Work instruction: Please return the lines below verbatim, beginning at the one that has "In times of" and stopping after the one that has "Chỉ đọc hai", and add no other lines.

Supplied records section start

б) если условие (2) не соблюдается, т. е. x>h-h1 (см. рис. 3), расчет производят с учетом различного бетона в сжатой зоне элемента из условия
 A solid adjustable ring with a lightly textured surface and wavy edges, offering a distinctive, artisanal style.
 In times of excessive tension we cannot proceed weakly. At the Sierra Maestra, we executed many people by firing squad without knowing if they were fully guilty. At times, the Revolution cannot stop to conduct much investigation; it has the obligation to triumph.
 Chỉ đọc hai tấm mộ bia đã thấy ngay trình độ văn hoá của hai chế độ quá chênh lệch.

Supplied records section end
Supplied records section start

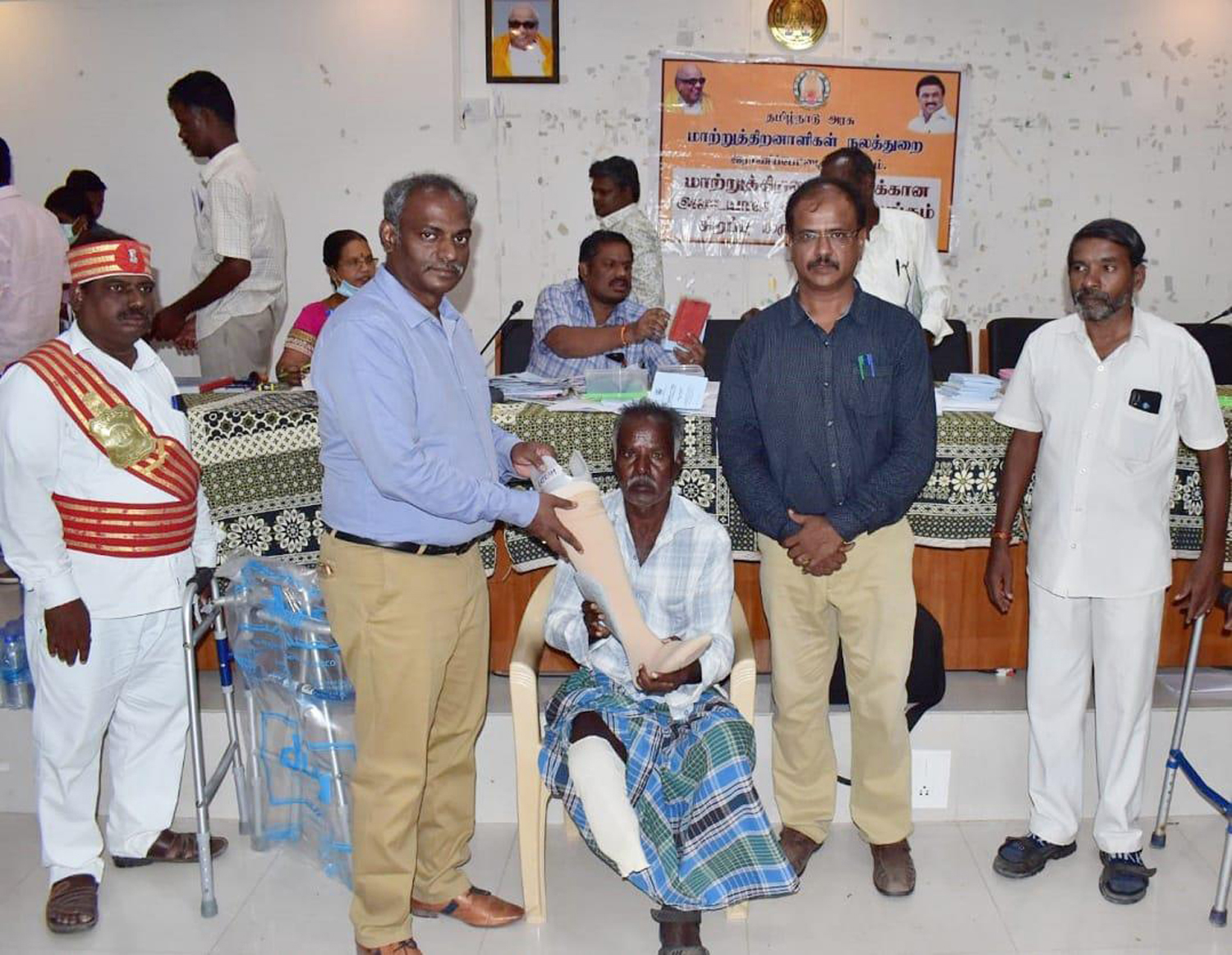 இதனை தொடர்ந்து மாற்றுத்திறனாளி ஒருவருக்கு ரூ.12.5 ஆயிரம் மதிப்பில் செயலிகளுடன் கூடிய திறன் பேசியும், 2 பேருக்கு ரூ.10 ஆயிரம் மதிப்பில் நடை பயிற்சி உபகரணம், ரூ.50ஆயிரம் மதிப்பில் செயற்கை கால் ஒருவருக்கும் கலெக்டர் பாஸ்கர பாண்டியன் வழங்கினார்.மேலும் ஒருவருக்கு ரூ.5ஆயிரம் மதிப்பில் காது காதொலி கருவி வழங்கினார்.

Supplied records section end

Exercise response:
 In times of excessive tension we cannot proceed weakly. At the Sierra Maestra, we executed many people by firing squad without knowing if they were fully guilty. At times, the Revolution cannot stop to conduct much investigation; it has the obligation to triumph.
 Chỉ đọc hai tấm mộ bia đã thấy ngay trình độ văn hoá của hai chế độ quá chênh lệch.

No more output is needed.